Court awards New York dealer Asher Edelman $6.9m over failed deal allegedly involving member of the Abu Dhabi royal family

Mysterious case, involving an unpaid bill for Keith Haring and Edvard Munch works, had been running for years

Keith Haring’s canvas tarpaulin painting Untitled (1983) was one of the works to be sold by Edelman Courtesy of Edelman Arts

Keith Haring’s canvas tarpaulin painting Untitled (1983) was one of the works to be sold by Edelman Courtesy of Edelman Arts

The New York-based financier and art dealer Asher Edelman has been awarded damages of $6.9m in a long-running court case against an Abu Dhabi entity he was suing for unpaid commissions. On 11 January, the Southern District court of New York ordered the Swiss Business Council of Abu Dhabi to pay Edelman Arts for lost commissions on a deal worth $26.8m that never went through.

Edelman alleges that in November 2016 his company Edelman Arts agreed to sell four Keith Haring works and a painting by Edvard Munch to the dealers Remko Spoelstra and Jason Holloway, whom Edelman says were acting on behalf of a member of the Abu Dhabi royal family.

When no money changed hands, Edelman filed a suit in March 2017 demanding $20m for the whole purchase prices of four of the works. The amount was later reduced to comprise: the 20% commission Edelman says he was due to make on the five works; the price of the works that remained in his possession; and the difference in price of the two Harings that he subsequently sold for less money.

In January 2020, a judge ruled in Edelman’s favour, sending the case to a magistrate court to set the size of damages. The magistrate judge, while upholding the judgment in favour of Edelman, ruled that there was insufficient evidence to back up the 20% commission that Edelman Arts was claiming, and declared that Edelman was not due any money. The latest ruling overturns that judgment and awards Edelman damages based on the lost commissions, the lost profit on one of the Haring tarps, and interest accrued.

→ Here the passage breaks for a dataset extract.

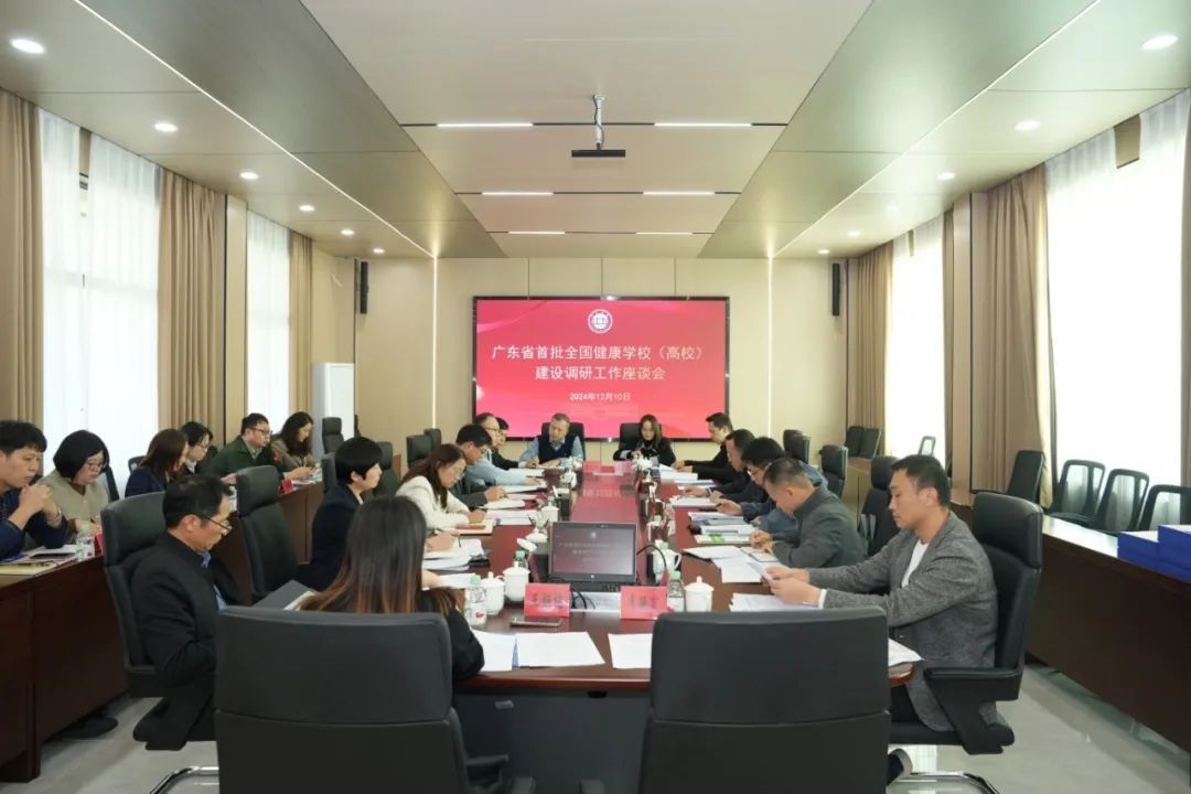 本网讯 12月10日,全国健康学校(高校)建设专家组一行到bat365调研指导全国健康学校建设工作。广东省教育厅体育卫生与艺术教育处副处长张文跃,广东省高校健康教育教学指导委员会副主任委员、南方医科大学卫生管理学院副院长、教授张持晨,广东省职业病防治院党委书记、中国健康促进与教育协会传播分会副主委郑子谦,肇庆市疾病预防控制中心健康教育科科长、广东省预防医学会健康促进与教育专委会常委姚梓坚等专家到校调研指导。副校长唐冬冬陪同调研,党政办公室、宣传统战部、学生工作部(招生与就业指导中心)、人力资源部、教务部、发展规划部、财务部、总务后勤部、基础建设部、保卫部(武装部)、团委、体育与健康学院等有关单位负责人参与活动。

This is a complex case, with numerous parties. Court documents attest Spoelstra and Holloway were acting on behalf of the Abu Dhabi-based Swiss Business Council, with the company SSR Invest as its paying agent—but that the ultimate buyer was an Abu Dhabi royal. Edelman too was acting as a broker, having bought the Haring and Munch works from other collectors in order to sell on.

According to documents provided to the court and seen by The Art Newspaper, the buyer had originally been interested in a work by Jean-Michel Basquiat. But with no Basquiats available for sale, Spoelstra liaised with Edelman to instead pursue four works by Haring. Meeting in New York, Edelman showed Spoelstra those works, plus the painting by Munch, and the two agreed prices.

Beyond that point in the account, Spoelstra contests almost all the facts presented. He alleges that his client was indeed a powerful Abu Dhabi individual, but not a member of the royal family as stated in the court documents; that contracts were never signed, only agreements on the prices; that the affidavit presented to the court in his name had been written by Edelman and his lawyer, Frank Franzino; and that the Swiss Business Council was never involved in the case, but had been included in correspondence between Holloway and Edelman in error. The Swiss Business Council is a non-profit networking organisation based in Abu Dhabi. Crucially, Spoelstra alleges that Edelman did not have the right to sell the works.

The last claim, in regards to Edelman’s lack of access to the works, was made in court, and has not been upheld by the subsequent rulings. But Spoelstra tells The Art Newspaper he is no longer pursuing the case. Neither he nor his lawyers appeared at the most recent hearings and, reached in Abu Dhabi, the Dutch art dealer says that if Edelman wants damages, he will have to sue him in Europe or the UAE. Neither Jason Holloway nor the Swiss Business Council could be reached for comment.